::: DATA EXCERPT
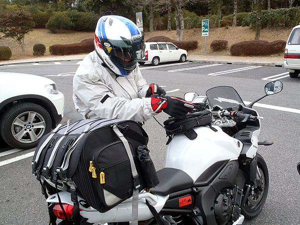 こちらは今回初参加のIKEHATAさん。これまでは主に2~300kmのツーリングを楽しまれているそうだが、今回初めてロングツーリング挑戦となった。スクリーンが小さいので寒そうだが、しっかりとグリップヒーターや電熱ウェアを装備。ん?結構万全な装備ではないですか。(^^;)
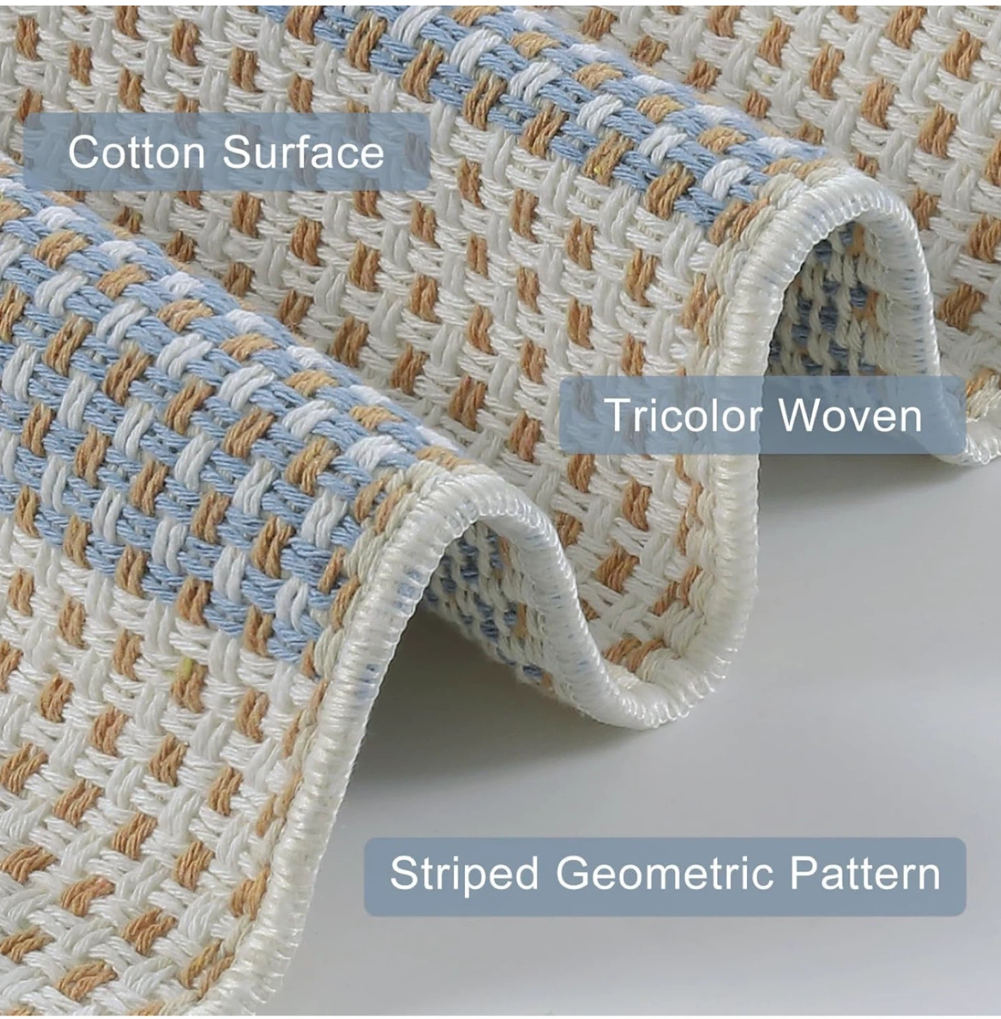 This new cotton rug features a striped geometric pattern with tricolour woven design. It's made of cotton and is super soft. It’s also easy to clean, being machine washable and suitable for vacuum cleaning
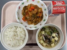 酢豚は、にんにくが効いていてパンチがありました。豚肉がゴロっとしていて、人参も柔らかく、食べ応えがありました。もずくスープはとろみがあり、具材とスープが良く絡んでいて食べやすかったです。ALTの先生は最初は「What is もずく?」と不思議そうでしたが、実際食べてみると「おいしい!」と嬉しそうでした。
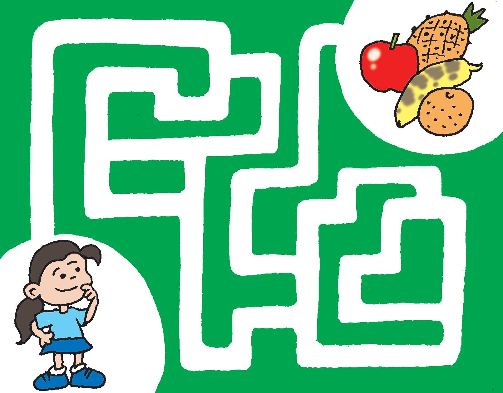 Valeria dijo que haría una rica ensalada de frutas para el postre.¿Le podrías indicar el camino más corto para llegar hasta las frutas?
::::::
Repeat, exactly and only, the lines from the one containing "This new cotton" through the final line of the data, both ends included, leaving out any picture.

[YOUR RESPONSE]:
 This new cotton rug features a striped geometric pattern with tricolour woven design. It's made of cotton and is super soft. It’s also easy to clean, being machine washable and suitable for vacuum cleaning
 酢豚は、にんにくが効いていてパンチがありました。豚肉がゴロっとしていて、人参も柔らかく、食べ応えがありました。もずくスープはとろみがあり、具材とスープが良く絡んでいて食べやすかったです。ALTの先生は最初は「What is もずく?」と不思議そうでしたが、実際食べてみると「おいしい!」と嬉しそうでした。
 Valeria dijo que haría una rica ensalada de frutas para el postre.¿Le podrías indicar el camino más corto para llegar hasta las frutas?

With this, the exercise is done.